With LPPA-981, in the phylogenetic tree created with the single partial sequences of ITS, tub2, tef-1a, and his genes, this strain clustered with D. rudis, while with the cal gene, it clustered with D. canthi (86%) species, far removed from the result obtained for the rest of the genes. Thus, cal was not used in the phylogenetic tree with concatenated sequences. The accession numbers of sequences used are listed in Supplementary Table S2.
Specifically, in the phylogenetic tree with tub2, LPPAF-981 clustered (99%) with D. rudis, D. schoeni, D. pseudotsugae, and D. acericol. With tef-1a, it clustered (87%) with D. rudis, D. asheicola, and D. australafricana, and with his, it clustered (68%) with D. rudis and D. australafricana, which are two closely related species.
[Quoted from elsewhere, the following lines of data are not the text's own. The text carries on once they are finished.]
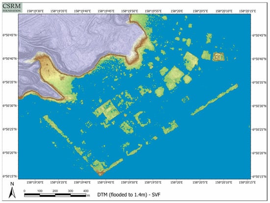 Prior archaeological fieldwork suggests reasons for the differential preservation of Nan Madol islets that is apparent in the LiDAR models. The findings from this fieldwork indicate that the human occupation of areas offshore of Temwen Island predated the artificial islets and monumental structures that comprise Nan Madol [5,6,8,23]. Nan Madol’s most intact, and many of its most notable, islets and structures lie along a southwest–northeast axis. These are the islets most visible in Figure 6. Athens, drawing upon his excavations and surveys at the islets [3,22,23], posits the presence of natural islets along that axis that predated Nan Madol’s islets. He suggests that the augmentation of these natural islets with basalt and coral rubble inspired the construction of other, later islets both nearer to shore and farther seaward ([5], p. 21).
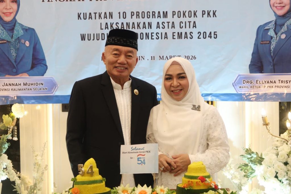 Banjarmasin – Usai melaksanakan kegiatan Prosesi Khataman Al-Qur’an, Hj. Fathul Jannah Muhidin juga melaksanakan Tasyakuran Hari Kesatuan Gerak (HKG) PKK Ke-54 Tingkat Provinsi Kalimantan Selatan Tahun 2026, di Rumah Dinas Gubernur Mahligai Pancasila Banjarmasin, Rabu (11/03/2026) sore.
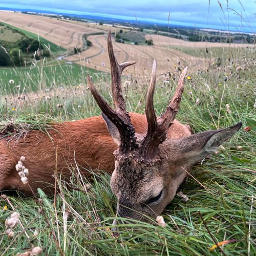 Vi har inlett ett nytt samarbete för jakt på 20 000 hektar strax söder om Oxford. På marken skjuts varje år 75-100 bockar av vilka ungefär hälften är medaljbockar. Mellan 15 och 20 av dem är guldbockar! Med andra ord – en riktig drömmark för medaljbockar. En bocktrofé på 500 gram kostar ungefär 11 800 SEK.

The phylogenetic tree with the four concatenated genes showed that LPPAF-981 clustered with D. rudis with a 100% bootstrap (Figure 4).
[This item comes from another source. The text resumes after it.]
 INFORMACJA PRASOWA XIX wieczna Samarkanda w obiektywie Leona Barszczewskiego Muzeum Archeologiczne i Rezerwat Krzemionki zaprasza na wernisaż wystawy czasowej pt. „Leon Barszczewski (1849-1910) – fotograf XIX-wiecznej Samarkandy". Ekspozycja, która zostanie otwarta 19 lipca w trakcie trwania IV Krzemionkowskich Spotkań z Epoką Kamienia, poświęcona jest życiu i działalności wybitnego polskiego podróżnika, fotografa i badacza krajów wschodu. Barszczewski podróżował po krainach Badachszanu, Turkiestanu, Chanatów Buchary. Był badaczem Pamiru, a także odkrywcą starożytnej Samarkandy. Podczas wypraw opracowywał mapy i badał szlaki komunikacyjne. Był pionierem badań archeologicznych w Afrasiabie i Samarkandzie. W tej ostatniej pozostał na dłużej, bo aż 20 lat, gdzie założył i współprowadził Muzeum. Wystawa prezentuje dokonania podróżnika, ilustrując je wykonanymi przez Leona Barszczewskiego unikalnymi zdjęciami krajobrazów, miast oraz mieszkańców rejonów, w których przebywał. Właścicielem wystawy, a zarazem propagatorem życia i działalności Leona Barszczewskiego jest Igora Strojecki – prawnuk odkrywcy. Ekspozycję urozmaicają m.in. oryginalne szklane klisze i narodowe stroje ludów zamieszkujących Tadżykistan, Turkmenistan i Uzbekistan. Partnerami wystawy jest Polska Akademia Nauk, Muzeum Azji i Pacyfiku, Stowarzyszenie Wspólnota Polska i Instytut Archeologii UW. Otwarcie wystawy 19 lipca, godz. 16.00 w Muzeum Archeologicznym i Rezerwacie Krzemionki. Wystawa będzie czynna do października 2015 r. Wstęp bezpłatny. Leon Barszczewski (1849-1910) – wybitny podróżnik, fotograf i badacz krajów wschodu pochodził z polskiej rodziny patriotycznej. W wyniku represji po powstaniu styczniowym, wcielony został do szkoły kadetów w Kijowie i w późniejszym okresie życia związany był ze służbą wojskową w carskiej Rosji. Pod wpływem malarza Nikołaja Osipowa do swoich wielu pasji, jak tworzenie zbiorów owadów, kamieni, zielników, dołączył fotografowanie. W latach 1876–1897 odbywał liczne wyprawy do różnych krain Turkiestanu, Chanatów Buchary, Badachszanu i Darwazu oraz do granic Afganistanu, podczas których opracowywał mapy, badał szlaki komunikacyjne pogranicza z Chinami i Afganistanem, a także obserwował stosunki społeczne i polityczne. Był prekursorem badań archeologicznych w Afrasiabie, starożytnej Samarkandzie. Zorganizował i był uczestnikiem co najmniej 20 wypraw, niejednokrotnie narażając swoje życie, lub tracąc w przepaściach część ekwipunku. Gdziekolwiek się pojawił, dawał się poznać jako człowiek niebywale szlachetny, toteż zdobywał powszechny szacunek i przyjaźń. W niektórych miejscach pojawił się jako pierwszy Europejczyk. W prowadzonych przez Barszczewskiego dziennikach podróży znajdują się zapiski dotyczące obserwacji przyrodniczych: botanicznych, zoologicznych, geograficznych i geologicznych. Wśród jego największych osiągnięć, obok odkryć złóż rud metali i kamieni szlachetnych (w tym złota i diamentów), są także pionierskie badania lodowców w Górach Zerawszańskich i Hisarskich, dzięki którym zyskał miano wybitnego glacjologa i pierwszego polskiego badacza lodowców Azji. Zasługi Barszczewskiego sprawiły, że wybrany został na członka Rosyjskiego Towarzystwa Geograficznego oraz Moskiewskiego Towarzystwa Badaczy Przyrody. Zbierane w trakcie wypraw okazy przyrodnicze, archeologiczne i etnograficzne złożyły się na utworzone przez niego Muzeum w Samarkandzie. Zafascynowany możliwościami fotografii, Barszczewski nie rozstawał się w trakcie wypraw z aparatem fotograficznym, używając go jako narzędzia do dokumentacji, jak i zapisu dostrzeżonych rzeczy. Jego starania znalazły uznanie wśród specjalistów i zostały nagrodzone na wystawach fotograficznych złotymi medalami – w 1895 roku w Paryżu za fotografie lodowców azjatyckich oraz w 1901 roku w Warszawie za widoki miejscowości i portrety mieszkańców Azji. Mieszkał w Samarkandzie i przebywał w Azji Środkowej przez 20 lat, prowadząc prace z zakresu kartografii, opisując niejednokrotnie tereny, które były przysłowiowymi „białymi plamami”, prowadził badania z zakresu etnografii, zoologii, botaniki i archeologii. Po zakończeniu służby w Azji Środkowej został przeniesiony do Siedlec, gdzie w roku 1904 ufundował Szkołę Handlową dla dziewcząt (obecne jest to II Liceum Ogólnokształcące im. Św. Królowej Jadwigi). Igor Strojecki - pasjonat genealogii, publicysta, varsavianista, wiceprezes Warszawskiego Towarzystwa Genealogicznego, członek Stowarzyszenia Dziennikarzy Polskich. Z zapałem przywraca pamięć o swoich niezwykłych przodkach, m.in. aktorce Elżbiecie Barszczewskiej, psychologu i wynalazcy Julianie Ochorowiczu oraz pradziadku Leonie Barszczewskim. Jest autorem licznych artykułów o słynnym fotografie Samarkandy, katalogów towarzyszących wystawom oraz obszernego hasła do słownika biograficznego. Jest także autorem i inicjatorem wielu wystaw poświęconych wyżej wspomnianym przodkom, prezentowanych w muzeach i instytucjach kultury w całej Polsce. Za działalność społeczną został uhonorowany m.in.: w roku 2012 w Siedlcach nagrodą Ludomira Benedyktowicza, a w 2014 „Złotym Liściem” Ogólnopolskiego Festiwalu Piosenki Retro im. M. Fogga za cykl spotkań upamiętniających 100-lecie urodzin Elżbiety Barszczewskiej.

By means of the Tajima’s test of neutrality, we were able to identify the number of segregating sites and the nucleotide diversity (π) for LPPAF-977 and LPPAF-981 (Table 2).
In both strains, tefl-1a provided the highest nucleotide diversity, whereas, as expected, ITS had the lowest diversity. This may indicate that while ITS is a good primary marker for taxonomy, it may be better not to include it in phylogenetic trees.

3.5. Pathogenicity

Symptoms observed in the field were reproduced on inoculated shoots 25 days after the inoculation (Figure 5). The effects of the fungi treatments in relation to the shoots of blackberries are shown in Figure 6. The results obtained demonstrate significant differences (p < 0.001) between pathogen treatments in terms of the average percentage (%) of canker shoots and vertical lesion (mm).
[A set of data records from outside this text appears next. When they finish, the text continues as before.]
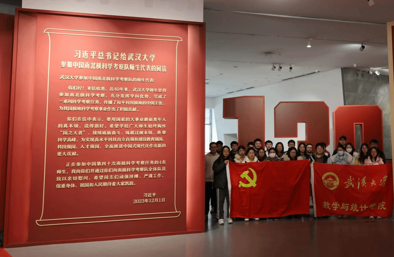 12�26日,我院概率论与数理统计专业硕士生党支部和基础数学专业硕士生党支部赴万林艺术博物馆开展党日活动,“沉浸式”学习习近平总书记给武汉大学参加中国南北极科学考察队师生代表的重要回信精神,“交互式”了解武汉大学极地科考的建设背景与发展状况。院研究生兼职辅导员刘润泽带队前往�
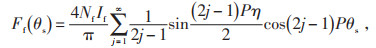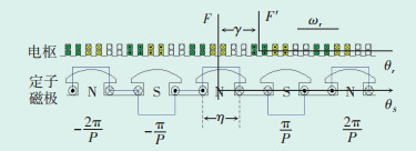 从图 6可以看出,励磁磁势在空间呈周期为2π/ P机械角度的矩形波,假设定转子间气隙均匀并忽略铁心的磁压降,以图中方式建立坐标系,在整个电动机圆周[-π,π]区间内励磁磁势Ff(θs)可表示为:
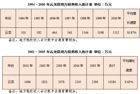 1994~1995年及“九五”时期(1996~2000年),云龙县税源单薄、收入规模小,税源分布极不平衡。云龙县地方税务局分别组织税收收入301万元、382万元、464万元、563万元、1544万元、1398万元、1512万元。
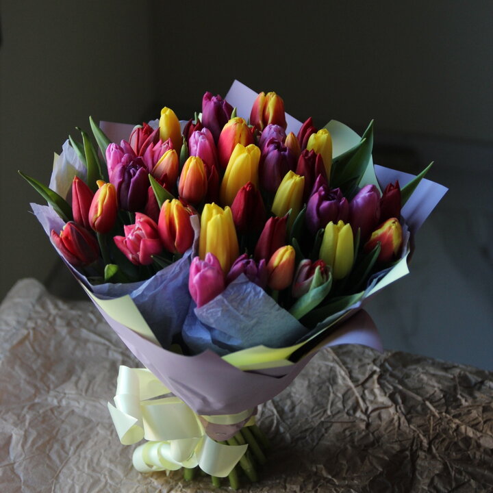 Букет из 45 разноцветных тюльпанов (Моно 45)
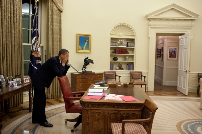 President Barack Obama calls a Member of Congress to discuss health care reform in the Oval Office, March 19, 2010. (Official White House Photo by Pete Souza)

With regard to the percentage of canker shoots, 100% of the blackberry shoots inoculated with LPPAF-977 as well as those inoculated with the two fungi showed dark-brown lesions, while 10% of the inoculated ones with LPPAF-981 showed no wilt symptoms (Figure 5). Significantly longer tissue necrosis was observed in blackberry shoots co-inoculated with the two pathogens, with a mean lesion length of 40.79 mm. In contrast, shoots inoculated with LPPAF-981 significantly had the lowest values for the lesion lengths: 26.17 mm. No significant differences in the vertical lesion between two pathogens were observed when inoculated independently.
As expected, no symptoms were observed for the two variables analyzed, nor were the fungi under study recovered in any of the control plants, while they were recovered in 100% of the symptomatic tissues of the inoculated blackberry plants, thus fulfilling Koch’s postulates.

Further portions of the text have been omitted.